TV Club

Week 1: Baltimore Is No Longer a Viable Enterprise

Dear David,

I admit, I wondered whether my reaction to the newsroom scenes was one of contempt born of familiarity. And it’s certainly true that I’ve run into editors who have been monochromatically assholish, and reporters who absolutely burned with ambition. Why, it’s even been said that I have, on occasion, burned with ambition. You, too, burn with ambition, but it’s not so noticeable, because you’re so unambitious about it.

But: I think I know a little bit about cops, being related to cops, and, more to the point, having written about cops, and David Simon’s cops generally pass the verisimilitude test, and this newsroom, so far at least, does not. But, as they say on the TV news, only time will tell. 

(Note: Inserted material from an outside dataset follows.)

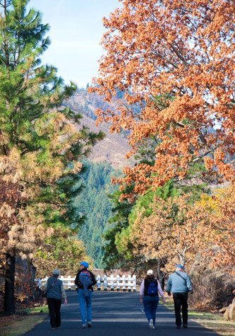 Following breakfast, we make our way by motor coach to Multnomah Falls. The sun casts a glow of autumn’s subtle emergence, illuminating the tops of the Cascade Mountains. Shades of amber and pale crimson come into sight scattered amidst the predominantly verdant mountainside. The volcanic rock formation, Beacon Rock, named by the Corps of Discovery, is in clear view. Its height is comparable to that of Multnomah Falls, reaching over 600 feet to the top. Once reaching the falls, those who choose, forge ahead for a challenging hike to the top. Many wish to admire this beautiful vista at their leisure, taking pleasure in the several scenic overlooks along the way. Others still, enjoy the view from the base of the falls, perhaps sipping on a soothing hot latte.
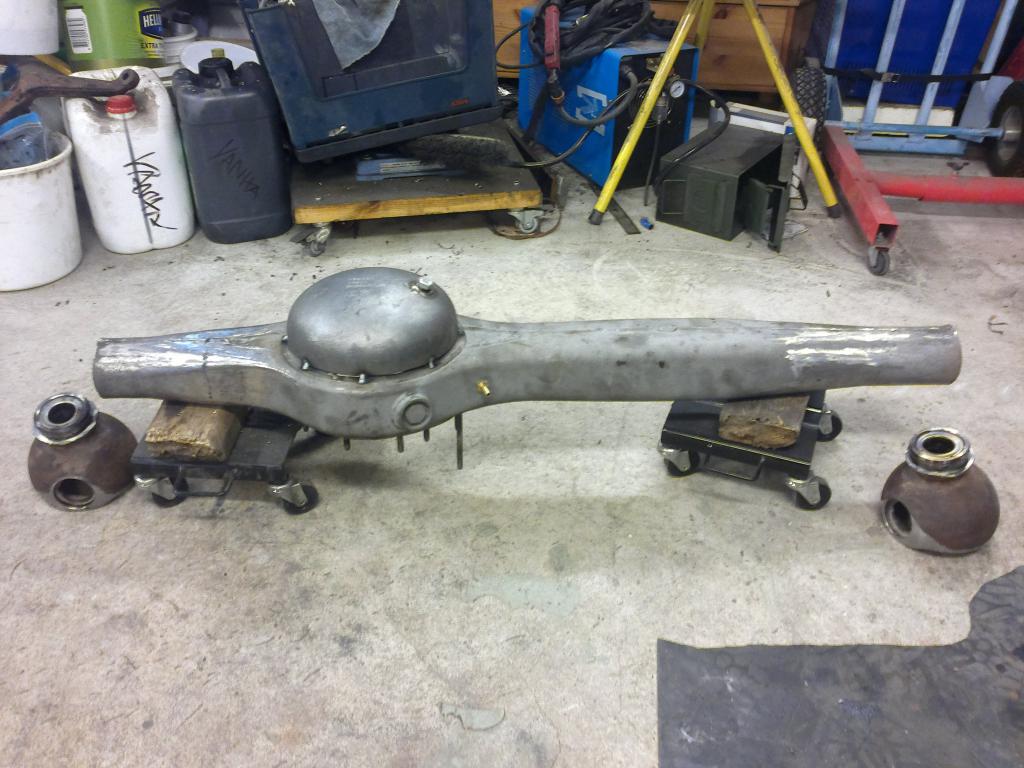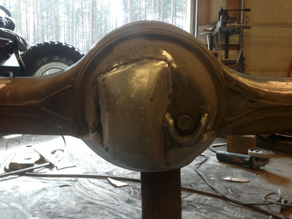 eli mutteri hitsattu sopivaan reikään ja pultti katkottu sopivan mittaseks + kupariprikka tiivisteeks: Sitten nappasin vanhasta peränkuoresta propun uusiokäyttöön, samoten G mersun takapanhardin toisen pään, porasin perän alapuolelle reiän ja hitsasin kahtapuolta 'putken' banjoon ja vanha proppu sen sisälle suojaan. Nyt ois taas tyhjennysproppukin mistä saa ainakin enimmät peräöljyt ulos. Saumasta tuli kyllä paljon tasasempi kuin mitä kuva näyttää ja hitsattu molemmin puolin joten luulis että pitää... Viimisenä tuli tekastua tuosta takaperän pinionin laipasta ns. double drilled version eli nyt siitä löytyy oikea jako myös tuolle sovitinlaipalle.Ens viikolla jos kävis vaihtamassa migin pullon täyteen niin vois hitsata tuon putkipäädyn paikoilleen ja pääsis miettimään alapuolen panssaria/materiaalin lisäystä että kestää hieroa eikä mee puhki ihan heti... Viimeksi muokannut mparty : 20.04.2013 18:21 |

I don’t see what you see in Carcetti. He’s not shaking anyone down, is he? He’s just trying to better his city and himself, which is what you’d expect. And his attack on the scumbag U.S. Attorney seemed motivated by righteous fury. It’s no surprise that a sitting mayor would have an appreciation for low crime statistics. I’ve actually thought that Carcetti was, in a way, a stand-in for David Simon, who is made angry by—well, most everything, as Mark Bowden’s new piece in the Atlantic shows—but mostly by the systematic abandonment of urban America. The bleakest moments for me in The Wire have not been the scenes of drug violence (although the harassment of Bubbles last season did break my heart), but those very effective moments, many starring Carcetti, which persuasively show that Baltimore itself is no longer a viable enterprise, and the reason it’s not is because it is populated mainly by poor African-Americans, about whom America—Barack Obama notwithstanding—still doesn’t give a shit. America’s general disinterest in The Wire (and certainly the general disinterest of the people who vote for the Emmys) is a corollary to this larger disinterest, by the way.